Seguí con pasos lentos e inseguros a la extraña recepcionista mientras mis ojos luchaban por adaptarse a la penumbra. Tuve que limpiar varias veces mis gruesos lentes, temiendo que lo que contemplaba fuera una distorsión de la realidad. Me detuve un instante, con la mano aún sobre la montura de mis gafas, y observé con atención la escena frente a mí.
El vestíbulo del motel ostentaba una abundante decoración de Halloween, pero con un toque tan macabro y realista que me provocaba escalofríos involuntarios. No era alguien particularmente impresionable ante tales ornamentos, pero allí, todo parecía poseer una autenticidad perturbadora. Cada detalle, cada sombra, cada objeto, parecía gritar que no se trataba de un simple juego, sino de algo mucho más siniestro.

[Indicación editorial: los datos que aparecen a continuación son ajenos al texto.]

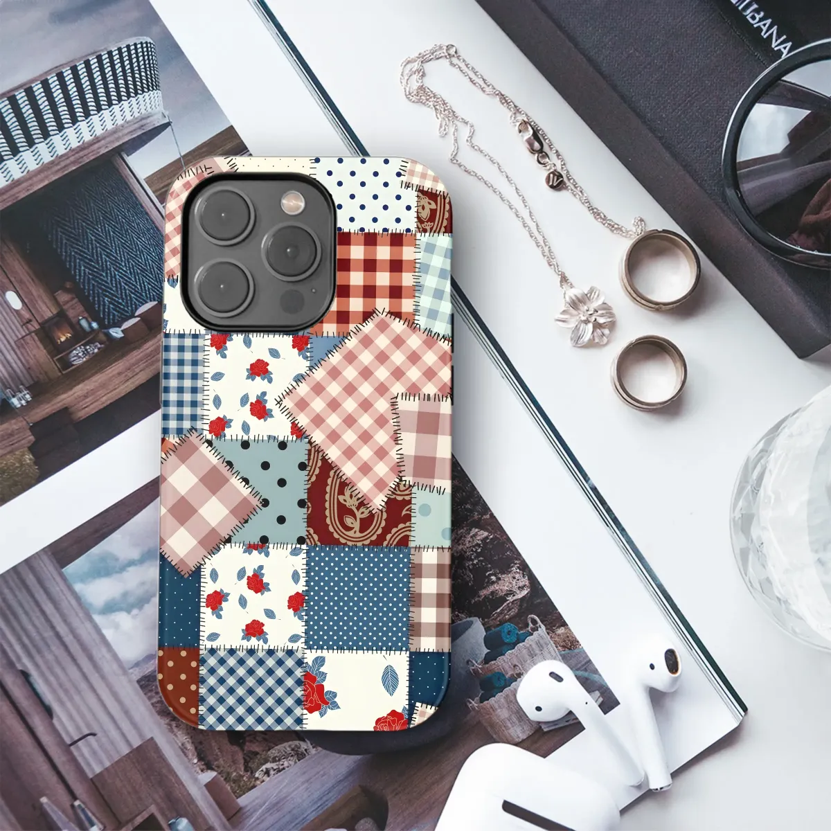 Showcase your unique style with this charming patchwork design, perfect for adding a touch of rustic elegance to your everyday essentials. This vibrant print features a captivating blend of gingham checks, polka dots, floral motifs, and paisley patterns, all meticulously stitched together to create a captivating collage. The rich color palette of deep reds, navys, and creams evokes a sense of vintage charm and cozy comfort. This eye-catching design is sure to turn heads and spark conversations. Its versatile aesthetic complements a variety of personal styles, making it an ideal accessory for individuals who appreciate handcrafted details and unique designs. The high-quality print ensures that the vibrant colors and intricate patterns will remain vivid and clear, adding a touch of personality to your device. Add a touch of handcrafted beauty to your life with this timeless and stylish design, a perfect blend of nostalgia and modern appeal. This design makes a thoughtful and unique gift or a perfect treat for yourself. Order yours today and experience the joy of personalized style!

La duda sobre si lo que experimentaba era real o una pesadilla me atormentaba mientras avanzaba. La recepcionista no dejaba de observarme con la misma curiosidad e incredulidad con la que yo escrutaba mi entorno. Las paredes, tapizadas de telarañas que parecían tejidas por arañas gigantescas, sostenían esqueletos de un realismo sobrecogedor. Me acerqué a una de las telarañas, extendiendo la mano con cautela. La textura era sorprendentemente real, pegajosa y fría. Un escalofrío me recorrió la espalda.

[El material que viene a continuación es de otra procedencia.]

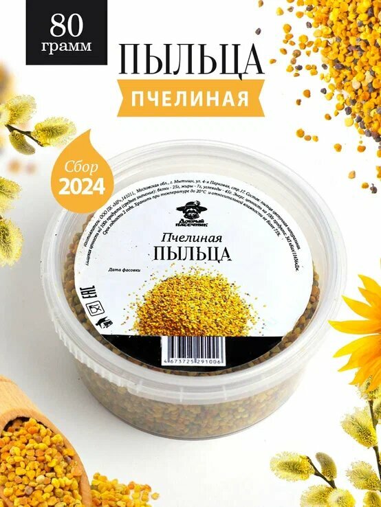 Пыльца цветочная натуральная 80 г, сбор 2024, пчелиная пыльца, обножка, сушеная ,пищевая, витамины

El mostrador de recepción exhibía manchas de sangre que, aunque quería creer falsas, tenían un brillo húmedo demasiado convincente. El aire viciado transportaba una mezcla nauseabunda de calabazas putrefactas y dulces rancios. Me acerqué al mostrador, inclinándome para examinar las manchas más de cerca. Parecían demasiado reales, demasiado frescas.
—Disculpe —dije, dirigiéndome a la recepcionista con voz temblorosa—, ¿estas manchas... son de verdad?
La recepcionista, sin apartar la mirada de mí, respondió con una voz seca y rasposa:
—En este pueblo, todo es real, viajero.
Sus palabras resonaron en mis oídos como un trueno. Retrocedí un paso, con el corazón latiendo con fuerza. ¿Qué quería decir con eso? ¿Qué clase de lugar era este?
La escasa iluminación creaba sombras danzantes que parecían cobrar vida propia, generando una atmósfera asfixiante. Los únicos sonidos perceptibles eran el crujir ominoso de la madera bajo mis pies, el goteo incesante de algún grifo oxidado y el escalofriante chirrido que producía la pluma de la recepcionista al rasgar el papel amarillento, similar al sonido de uñas arañando una lápida.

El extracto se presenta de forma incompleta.